‘哦,騙你的。’
【……】
它才不承認自己真的信了宿主。
‘沒想到你還真信了,辣雞。’
【……】
我又雙叒叕宿主你大爺的!!
燕鴻無比地慶幸原主的房門是虹膜鎖,不然她可就得暴力拆門了,還得準備處理拆門之后的報警之類的后續,真是…麻煩死了。
這套公寓是局長為原主準備的,原主因為一直都在羅斯切爾德家族待著,也沒什么機會來這里,就這么一直空著,雖說聯邦做事不是很光彩,但不得不說這待遇還是不錯的。
看著一覽無余空曠的房間,燕鴻也無比地確認這里原主沒有來過,畢竟連張床都沒有的房子要是誰能住得下去也是可以了。
燕鴻剛想上里面的房間看看這個房子有多大結果剛走了一步就看到鞋邊被自己剛才落腳震出的灰塵,燕鴻立馬止住了自己的腳步,她還是去住辦公室來得舒服。
透過窗子看向外面已經開始大亮的天空,燕鴻知道自從她逃出男主的狼窩已經過了一個夜晚了,此刻正是清晨時候,于是帥氣地轉身走出房間,留下一片飛揚的灰塵。
在走進原主為其工作了十幾年的聯邦的特區大廈后,順著牌子找到了原主的工作室,燕鴻發現了一個令她很不開心的事實,即便在這十幾年里建樹頗多,但原主依舊是一個歸于反情報部的普通工作人員,雖然也是獨立的辦公室,但燕鴻依舊不是很開心,說好的裝逼呢?原主一個普通人員裝什么?怎么裝?在辦公室門口擺個牌子寫著她在羅斯切爾德家族的身份么?除了被當成稀有物種觀賞之外還能有什么用?

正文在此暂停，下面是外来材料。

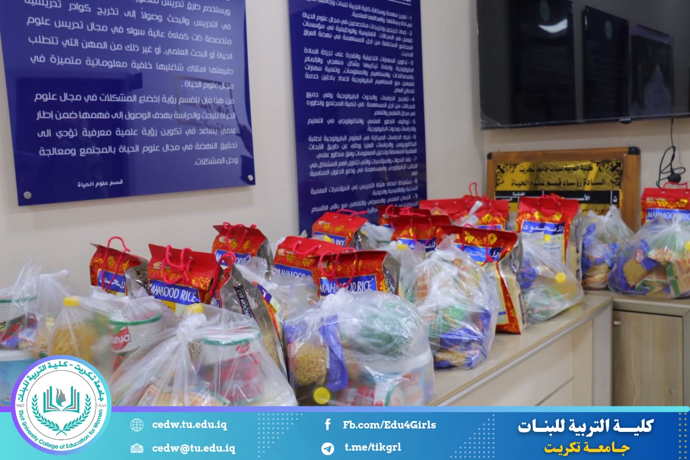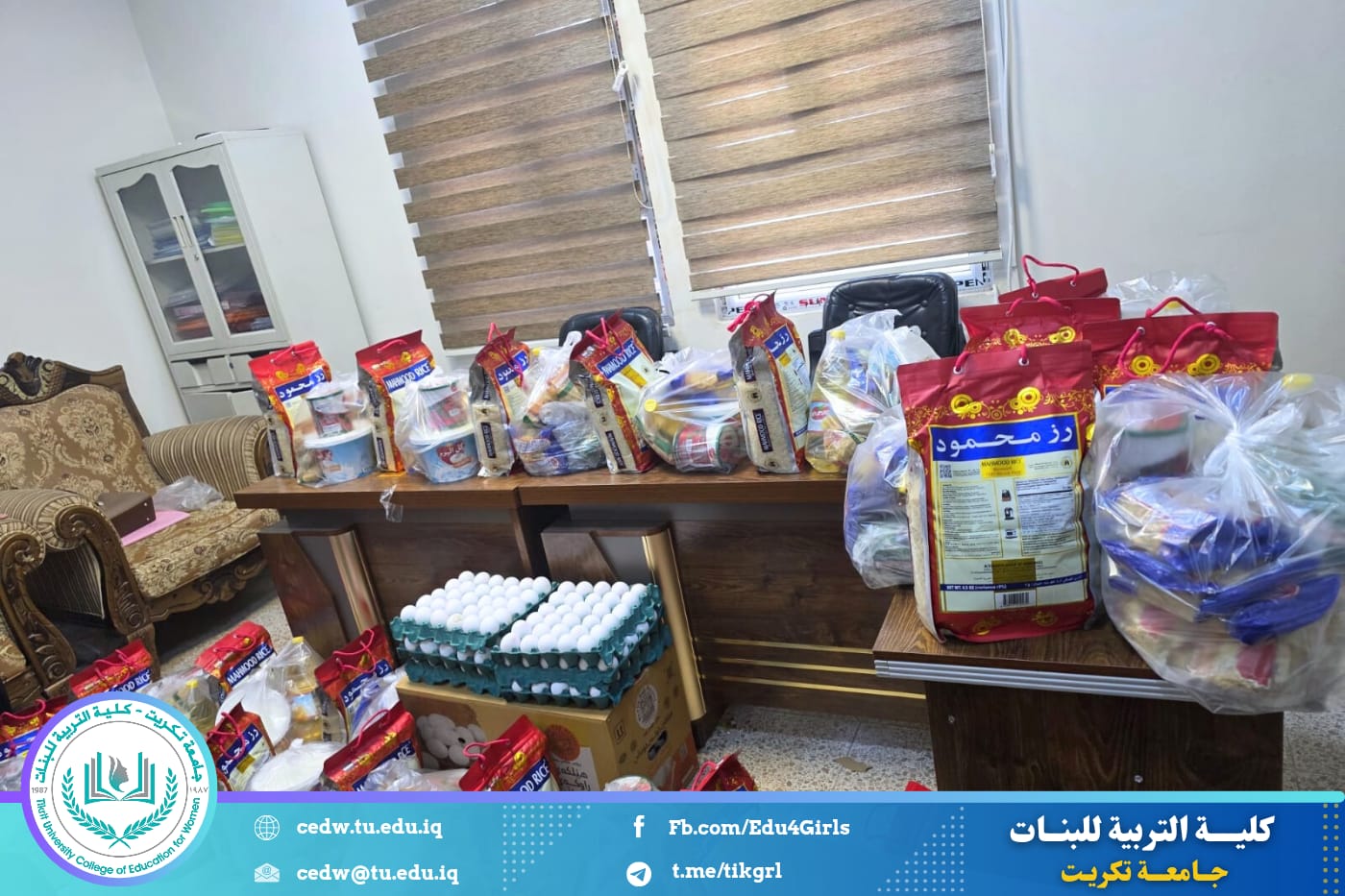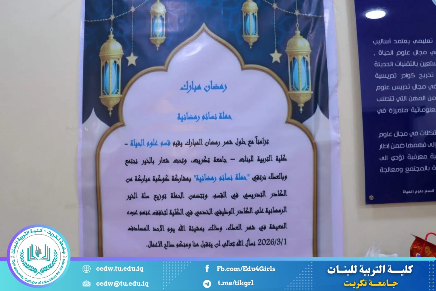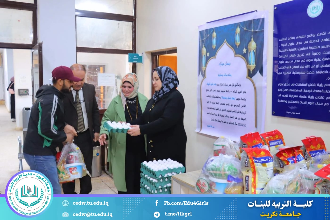 تزامناً مع حلول شهر رمضان المبارك، أقام قسم علوم الحياة في كلية التربية للبنات – جامعة تكريت حملة رمضانية نسوية تحت شعار (بالخير نجتمع وبالعطاء نرتقي)، بمشاركة كوكبة من الكادر التدريسي في القسم، وذلك في إطار تعزيز قيم التكافل الاجتماعي وترسيخ روح التعاون والعطاء خلال هذا الشهر الفضيل.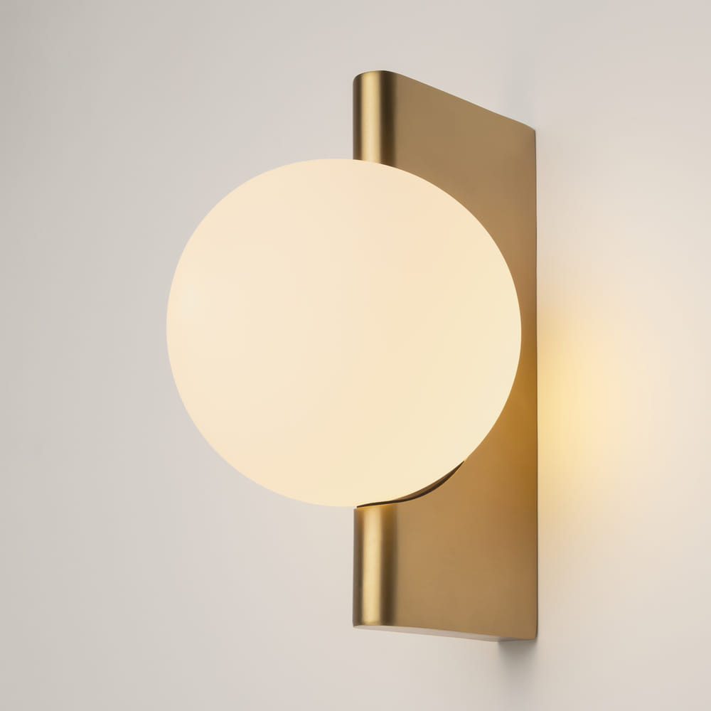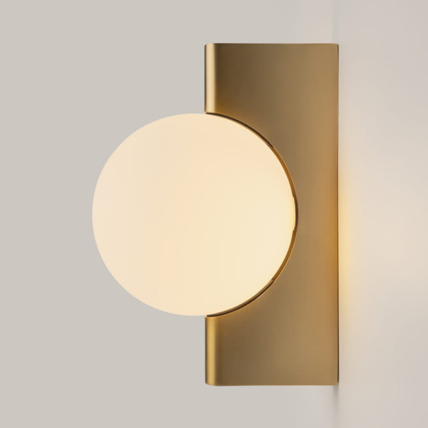 Aplique de pared geométrico acabado en negro con esfera de vidrio opal. 1 x G9 LED (no incl.)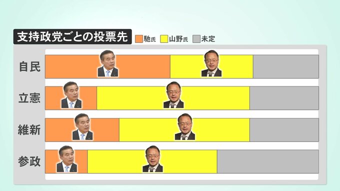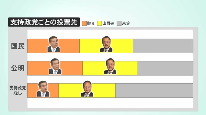 続いて、支持政党ごとの支持状況です。馳さんと山野さんは、共産党を除く各政党にすでに推薦願を提出しています。自民党は、馳さんが優位に。その一方で、立憲民主党と日本維新の会、参政党は山野さんが馳さんを引き離す結果となっています。国民民主党と、公明党は互角。また、支持する政党がないと答えた人では、山野さんが優位に立っています。

燕鴻是個現實的人,既然不能裝逼,那就不裝,逞強裝逼什么的,她還是沒有那個臉面的。
于是決定安分守己的燕鴻就每天窩在辦公室里,喝喝茶,看看報,過得那叫一個悠閑,終于,局長忍不下去了。
司命在fbi的普通工作人員甚至是一些主管的眼中只是一個普通的人員,但在上層管理階層可就不這么認為,領導階層嘛,知道的總是會多一些的。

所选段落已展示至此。